ENTRIES SUPPLIED
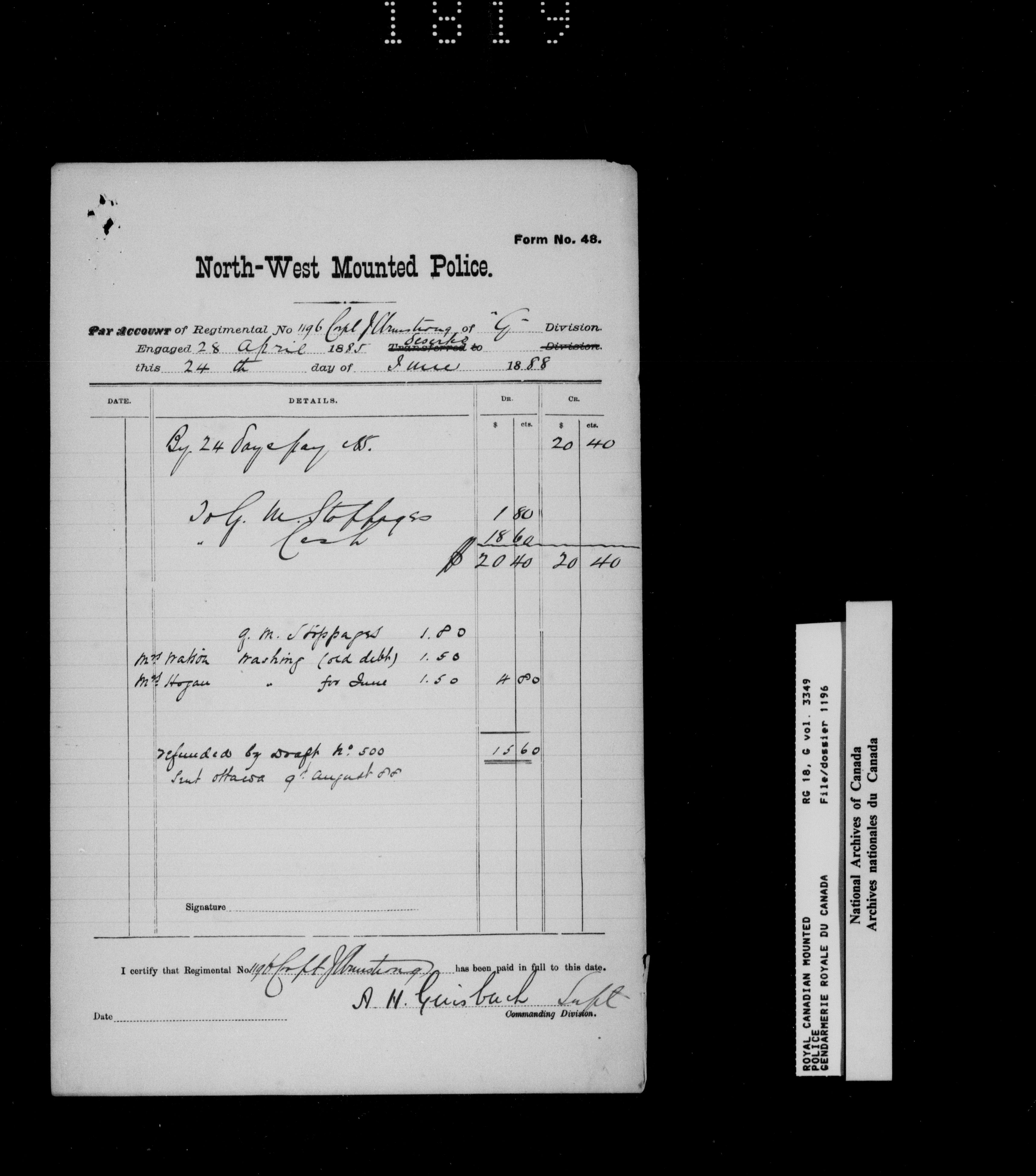 North West Mounted Police : Personnel files for members of the NWMP (1873-1904)
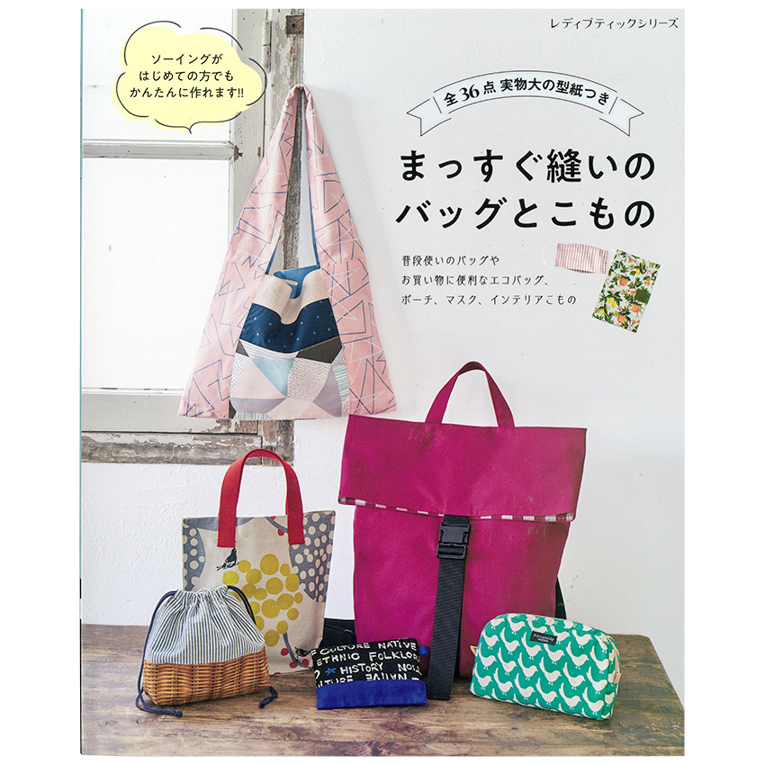 ソーイング初心者でもかんたんに作れるまっすぐ縫いのバッグと小物の本。バッグやリュック、エコバッグ、きんちゃくやポーチ、マスク、クッションカバーなど、豊富なアイテムを掲載。すべて作り方つき。実物大の型紙つき。
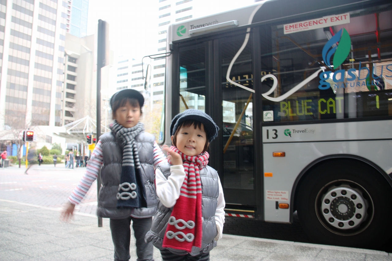 ←パースでは無料の「CAT BUS(猫バス)」が走っています。ぐるりと町並みを見学するのに便利ですし、歩き疲れてすぐに文句を言う子連れには、大変重宝しました。
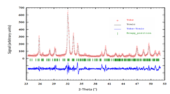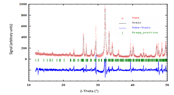 Figure 1 shows the representative powder X-ray diffraction patterns of calcium phosphate Ca3(PO4)2 taken from the mining center in Khouribga, recorded in a 2θ range from 10° to 52°. The automatic search of diffraction peaks, the refinement of their positions as well as the profile setting with the Win PLOTR program allows to obtain the precise positions of the lines in the diagram. All the reflection peaks were indexed in the monoclinic system (P2/m space group). The parameters generated by Full prof program are a=13.5 Å b=6.7 Å c=8.4 Å and β=93.9°. Direct cell parameters and volume, agreement factors are shown in Table 1 & Table 2 presents the hkl Bragg reflections (i.e., its position, width and intensity) obtained from Rietveld method, and the inter planar spacing that was calculated using Bragg’s law which relates dhkl to 2θhkl.
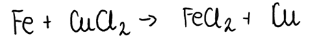 · W reakcji metalicznego żelaza z roztworem chlorku miedzi (II) powstaje chlorek żelaza (II), co wynika z większej różnicy wartości potencjałów standardowych pary utleniacz-reduktor à metal o niższym potencjale może wyprzeć metal o wyższym potencjale z roztworu jego soli:
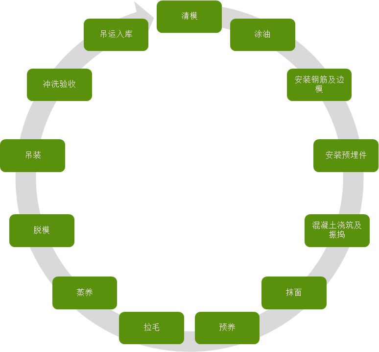 ⑦預(yù)養(yǎng):疊合板進入預(yù)養(yǎng)護窯,預(yù)養(yǎng)護時間1h。

WORK ITEM
Each line from the one containing "W reakcji metalicznego" through the last line above should be retyped exactly, and no other line. Any picture is to be left out.

ANSWER SPACE
 · W reakcji metalicznego żelaza z roztworem chlorku miedzi (II) powstaje chlorek żelaza (II), co wynika z większej różnicy wartości potencjałów standardowych pary utleniacz-reduktor à metal o niższym potencjale może wyprzeć metal o wyższym potencjale z roztworu jego soli:
 ⑦預(yù)養(yǎng):疊合板進入預(yù)養(yǎng)護窯,預(yù)養(yǎng)護時間1h。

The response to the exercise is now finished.